Weak arguments made with great speed

It seemed ballsy when D’Souza wrote a book (“The Enemy at Home”) claiming the left were responsible for 9/11 — as though no one would point out that his takedown of loose liberal mores made him sound like he was siding with Al Qaeda. In the book “The Roots of Obama’s Rage” and the film adaptation “2016: Obama’s America,” he lodged the kind of arguments that made him sound like a white supremacist, preying on fears that the president would take revenge on white people.

The claims in “America” are another story. They aren’t even arguments. He defends capitalism by pointing out that it’s more expensive to make a burger at home than to buy it from a fast food joint. (Well, not if you’re feeding multiple people, it isn’t.) When he takes on Matt Damon, he appears to be going for the usual hypocritical-celebrity angle. But all he does is point out that he wouldn’t be a star if people didn’t see his movies. What this has to do with anything is never made clear.

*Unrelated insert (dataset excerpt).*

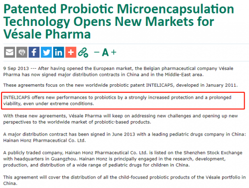 微囊化技术(Intelicaps ®)相关报道 这项技术对于保持益生菌抵达人体肠胃时的活性有着重要作用。联合国粮农组织/世界卫生组织联合专家委员会提出了益生菌的科学定义:益生菌系指活的微生物,当摄取足够数量时,对宿主健康有益。[2]消费者在挑选益生菌产品时,也会对益生菌产品到达肠胃时的活性异常关注。作为Cinfa的核心技术,“微囊包埋技术“能够利用天然或合成的高分子成膜材料,把液体或者固体药物包嵌形成直径1-5000um微小胶囊,从而保护有效成分,使得益生菌能够在人体内发挥足够的功效。

But at least these are better than his convoluted argument that capitalism ended slavery, because for some reason Americans decided they wanted to dominate people with money, not with weapons. Or something. Though “America” takes the form of an apologia, it doesn’t build arguments. D’Souza makes bold claims then scampers away before he’s either had time to develop them or the viewer has had time to recognize they make no sense.

The victim card

It’s a staple of far right rhetoric to make one’s self look oppressed, however true this may be. To his credit D’Souza only does this a little. But the biggest victim is Dinesh D’Souza. In the final minutes he addresses the towering elephant in the room: that he’s been convicted of campaign finance fraud. (He’ll be sentenced in September.) “I made a mistake,” he says, in a staged shot of him in handcuffs. But he spins his attempting to buy an election as proof that Obama is jailing his critics, comparing himself to Aaron Swartz, the Reddit co-founder driven to suicide. Granted, he doesn’t actually say Obama is jailing his critics; he just strongly implies it.

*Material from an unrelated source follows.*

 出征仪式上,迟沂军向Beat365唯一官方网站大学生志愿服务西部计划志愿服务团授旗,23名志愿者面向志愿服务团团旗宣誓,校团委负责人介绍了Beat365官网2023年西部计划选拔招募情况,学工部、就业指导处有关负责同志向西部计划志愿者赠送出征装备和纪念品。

An actor tries to be George Washington in An actor tries to be George Washington in “America.”
Credit: Lionsgate

Playing dumb

Say what you will about Dinesh D’Souza, but he’s the best director of Dinesh D’Souza walking around looking at things. Roughly an eighth of what’s on screen in “America” are shots of him making “interested” faces as he listens to people or strolls around Times Square and D.C. or searches Wikipeda (the most cinematically thrilling parts of the film). He asks “innocent” questions like “What comes to mind when you hear ‘America?’” or, when talking to Michael Eric Dyson about Obama’s two election wins, “Doesn’t that speak to the end of racism?”

He knows the answers to these questions, and in some cases just wants to get his interview subjects to allegedly hang themselves with leftist speak that will horrify “America”’s target base. Michael Moore does this too, and it’s aggravating. But Moore is at least better at playing earnest than D’Souza. In fact, D’Souza may be the worst actor alive, and not only because of a lone sketch comedy scene featuring multiple D’Souzas. When he looks interested he looks like he’s acting. He doesn’t come off as an everyman. He comes off like a smart guy — he’s almost certainly smarter than Michael Moore — who’s manipulating his subjects and his viewers to get what he wants.

But if he’s faking it, what is he after? D’Souza likes to engage in conspiracy theorizing. So here’s one: D’Souza doesn’t believe any of this (or he does, some of it, to a point). He’s cynically trying to appeal to the least intelligent/most gullible parts of his persuasion so as to mobilize them to take down his political enemies.

We don’t sincerely believe this; we don’t know all the facts, and claiming this is honestly a big leap — exactly the kind D’Souza has made a living making. But it’s difficult, probably impossible to rectify the rank dumbness of “America” and anything else D’Souza has written or made with a man so bad at playing stupid. “America” has little to say about America. Its most fascinating part is D’Souza himself.